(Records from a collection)
=== Begin Enclosure ===

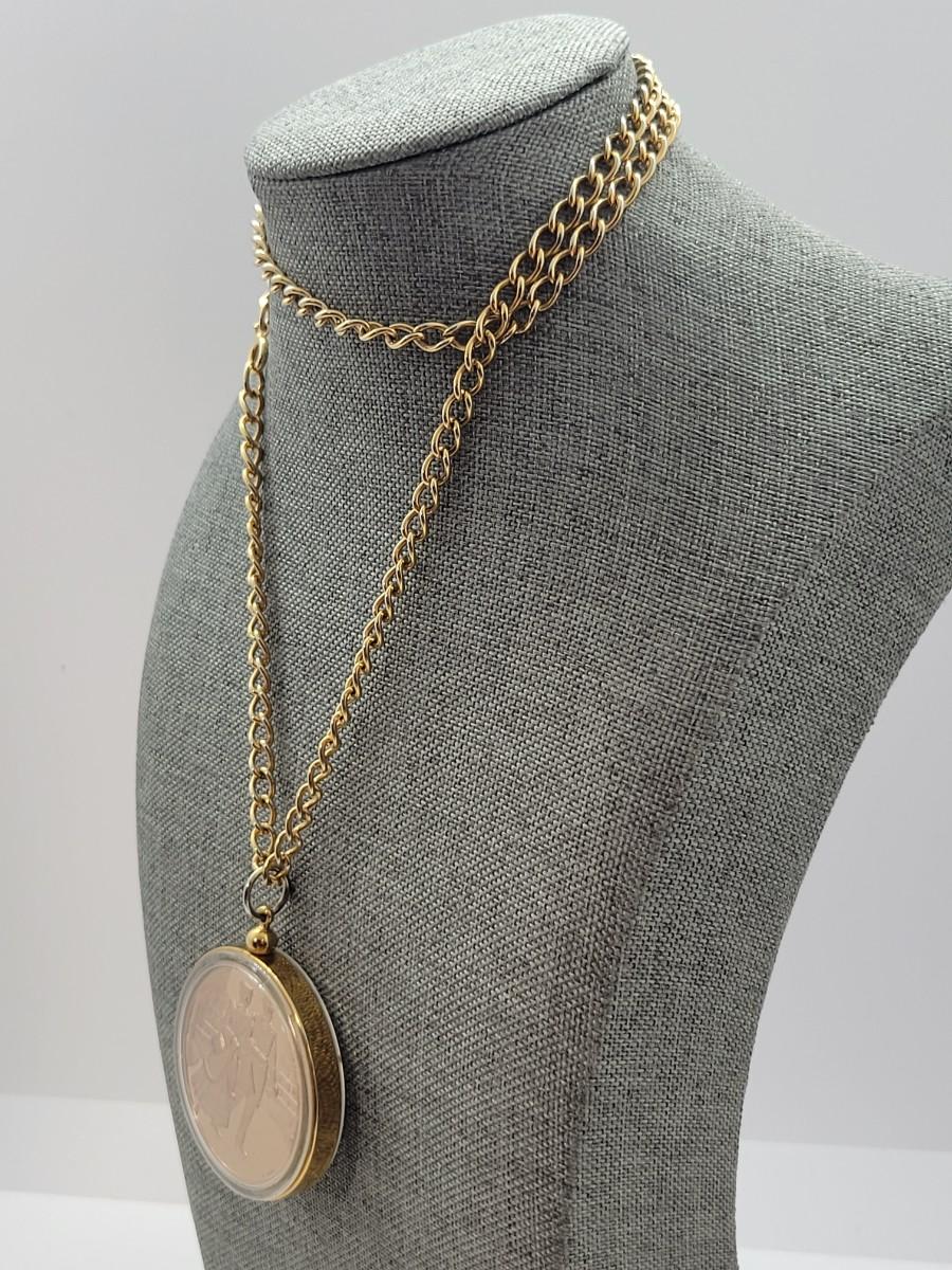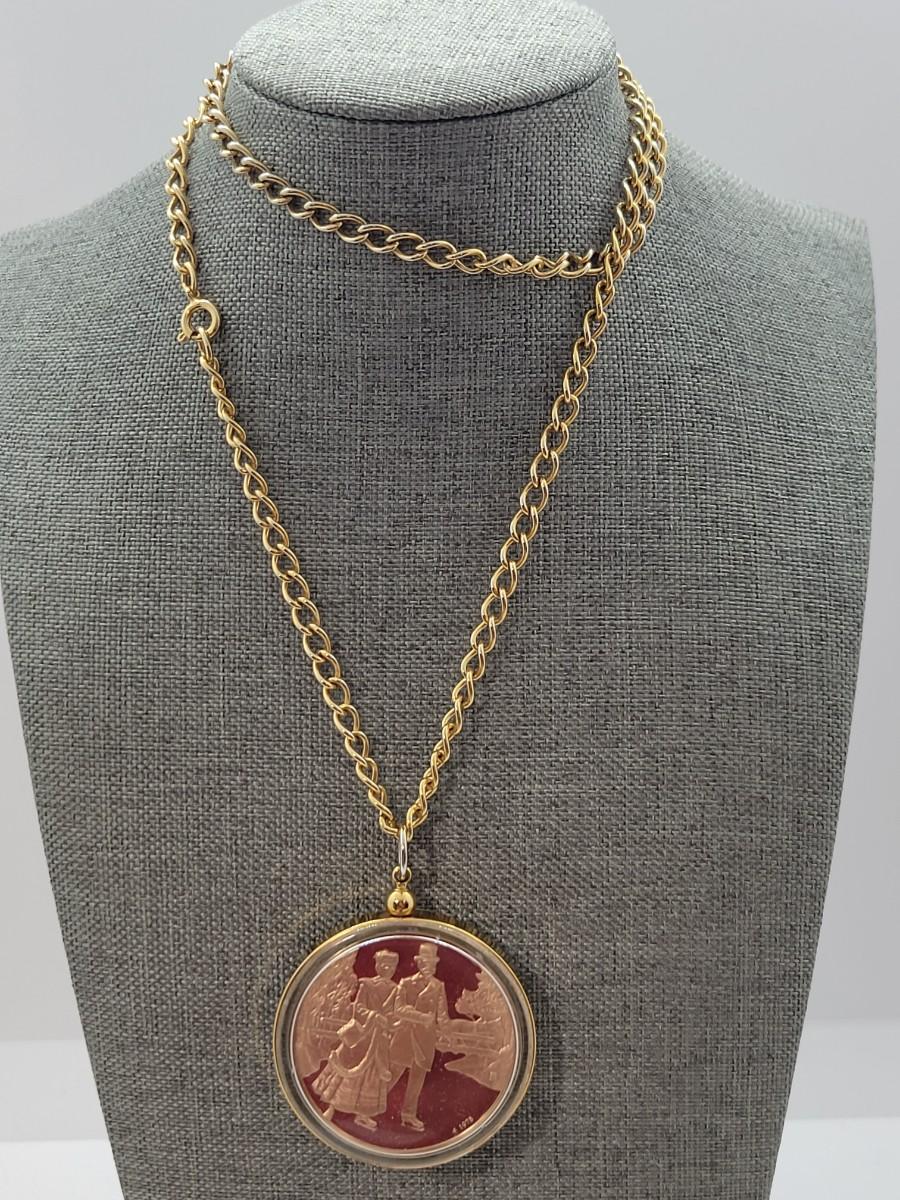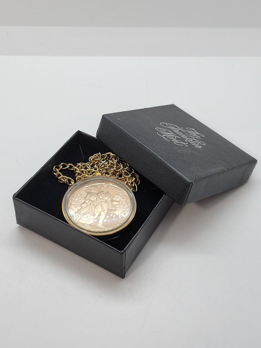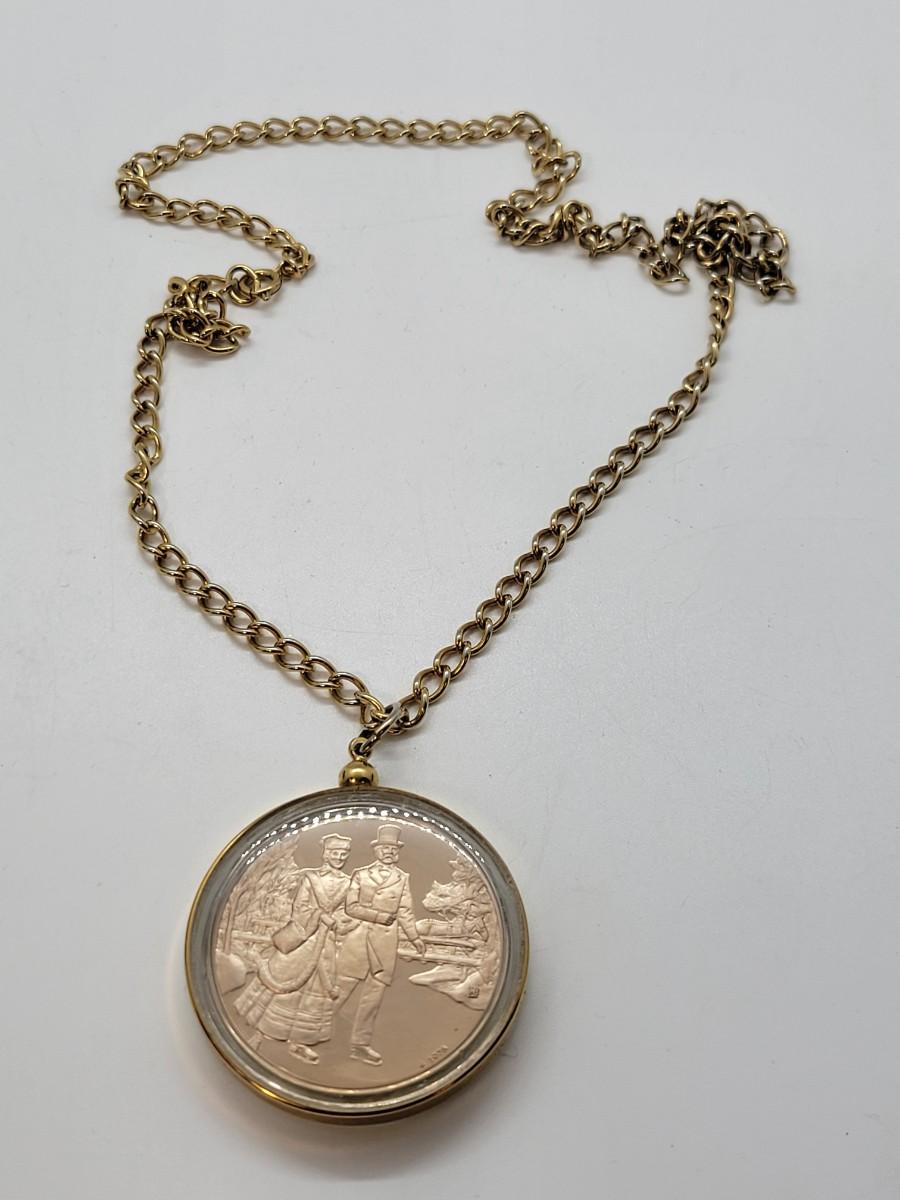 LOT 64: Franklin Mint 1978 Bronze Medallion "Winter Magic" Pendant on 24" Necklace
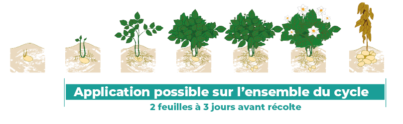 Orocide Plus s’applique tout au long du cycle de la pomme de terre. Il ne laisse aucun résidu à la récolte, ce qui permet une grande souplesse d’emploi en fin de cycle, avec un délai avant récolte très court (3 jours).
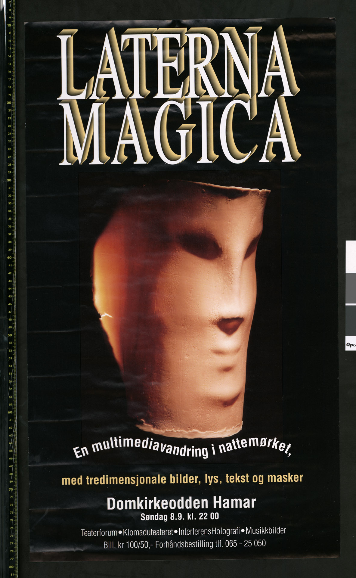 Plakat for samarbeidsprosjektet mellom Interferens Holografi, Teaterforum, Klomadu Teater og LOOC (Lillehammer Olympic Organising Committee) Laterna Magica I-III (1991)
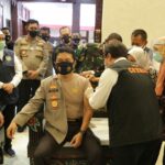Surabaya – Kapolda Jawa Timur, Irjen Pol Nico Afinta bersama Pangkoarmada II, Laksda TNI I.N.G. Sudihartawan. Melakukan vaksinasi di Makodam V Brawijaya,
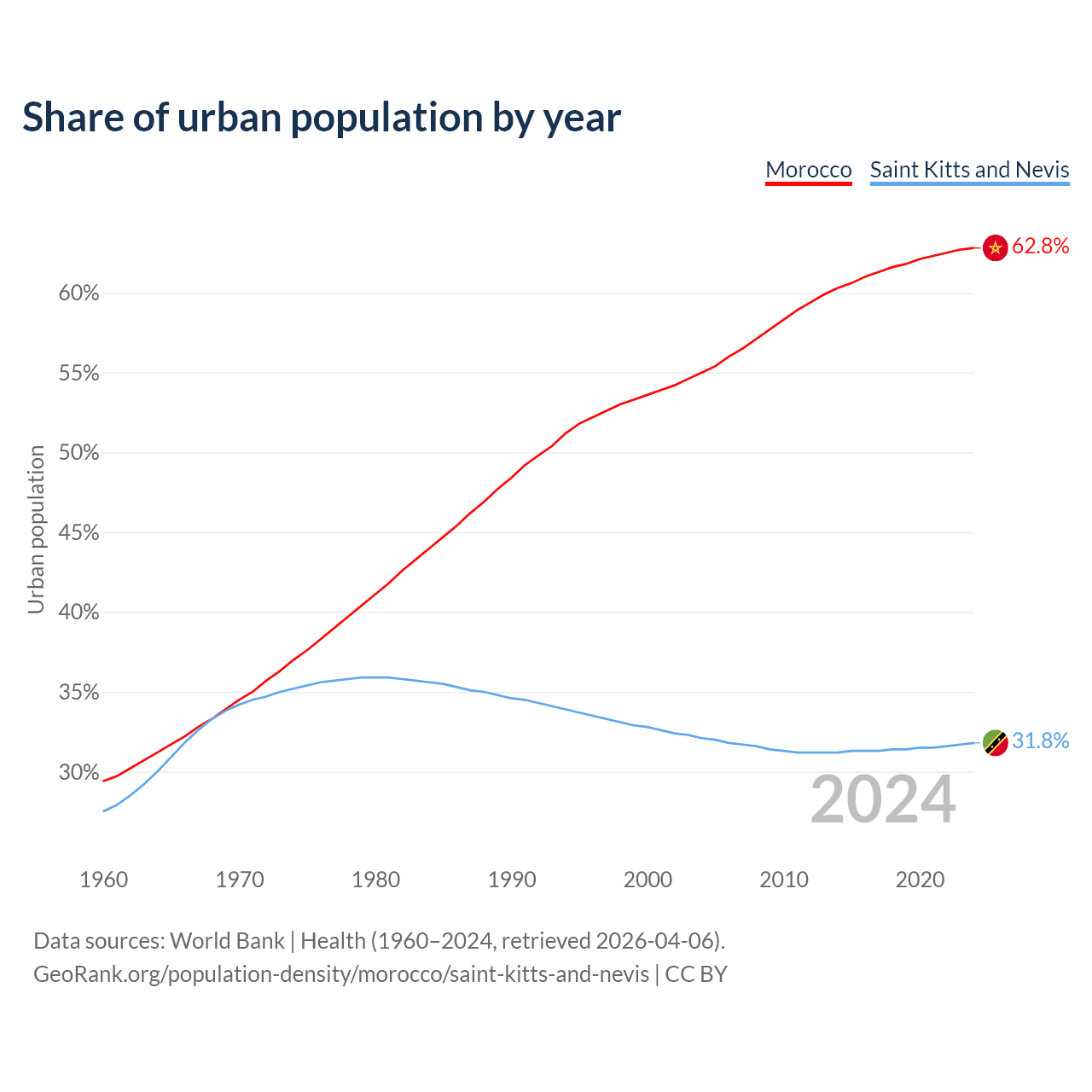 From 2004 to 2024, the share of urban population changed from 55% to 62.8% in Morocco and from 32.1% to 31.8% in Saint Kitts and Nevis.
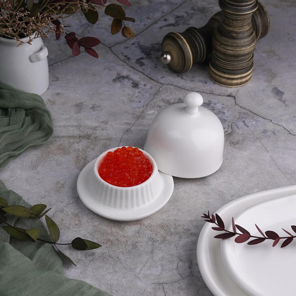 Масленка икорница 30 мл d 8,8 см h8 см с крышкой белая фарфор NEW P.L. Proff Cuisine [1]
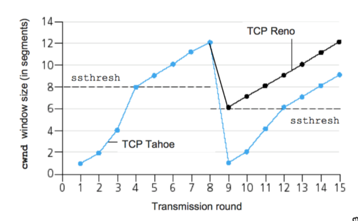 cwndis cut in half window then grows linearly- When loss detected by tiemout (TCP tahoe)
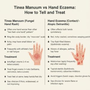 Guide to Mastering Your Sleep Cycle Lip Licker’s Dermatitis – Quick Fixes for Kids and Adults Tinea Manuum (Fungal Hand Rash) vs Eczema – How to Tell and Treat Dyshidrotic Eczema (Pompholyx) – Itchy Hand/Foot Blisters Chilblains (Pernio) – Cold-Triggered Toe and Finger Sores Hyperhidrosis (Excessive Sweating) – Practical Treatment Ladder Maskne (Mask-Related Acne) – Quick Fixes and Prevention Scalp Folliculitis vs Dandruff – Itchy Bumps vs Flakes Chafing and Intertrigo in Athletes – Fast Fixes and Prevention Pityriasis Alba vs Vitiligo in Kids – Spot the Difference Cold Weather Skin Care – Eczema, Chapped Hands, and Lips Tinea Versicolor Recurrence – Prevention and Treatment Refresh Page1 Page2 Page3 Page4 Page5

=== End Enclosure ===

WORK INSTRUCTIONS: Output all data exactly, omitting images.

EXPECTED OUTPUT:
 LOT 64: Franklin Mint 1978 Bronze Medallion "Winter Magic" Pendant on 24" Necklace
 Orocide Plus s’applique tout au long du cycle de la pomme de terre. Il ne laisse aucun résidu à la récolte, ce qui permet une grande souplesse d’emploi en fin de cycle, avec un délai avant récolte très court (3 jours).
 Plakat for samarbeidsprosjektet mellom Interferens Holografi, Teaterforum, Klomadu Teater og LOOC (Lillehammer Olympic Organising Committee) Laterna Magica I-III (1991)
Surabaya – Kapolda Jawa Timur, Irjen Pol Nico Afinta bersama Pangkoarmada II, Laksda TNI I.N.G. Sudihartawan. Melakukan vaksinasi di Makodam V Brawijaya,
 From 2004 to 2024, the share of urban population changed from 55% to 62.8% in Morocco and from 32.1% to 31.8% in Saint Kitts and Nevis.
 Масленка икорница 30 мл d 8,8 см h8 см с крышкой белая фарфор NEW P.L. Proff Cuisine [1]
 cwndis cut in half window then grows linearly- When loss detected by tiemout (TCP tahoe)
 Guide to Mastering Your Sleep Cycle Lip Licker’s Dermatitis – Quick Fixes for Kids and Adults Tinea Manuum (Fungal Hand Rash) vs Eczema – How to Tell and Treat Dyshidrotic Eczema (Pompholyx) – Itchy Hand/Foot Blisters Chilblains (Pernio) – Cold-Triggered Toe and Finger Sores Hyperhidrosis (Excessive Sweating) – Practical Treatment Ladder Maskne (Mask-Related Acne) – Quick Fixes and Prevention Scalp Folliculitis vs Dandruff – Itchy Bumps vs Flakes Chafing and Intertrigo in Athletes – Fast Fixes and Prevention Pityriasis Alba vs Vitiligo in Kids – Spot the Difference Cold Weather Skin Care – Eczema, Chapped Hands, and Lips Tinea Versicolor Recurrence – Prevention and Treatment Refresh Page1 Page2 Page3 Page4 Page5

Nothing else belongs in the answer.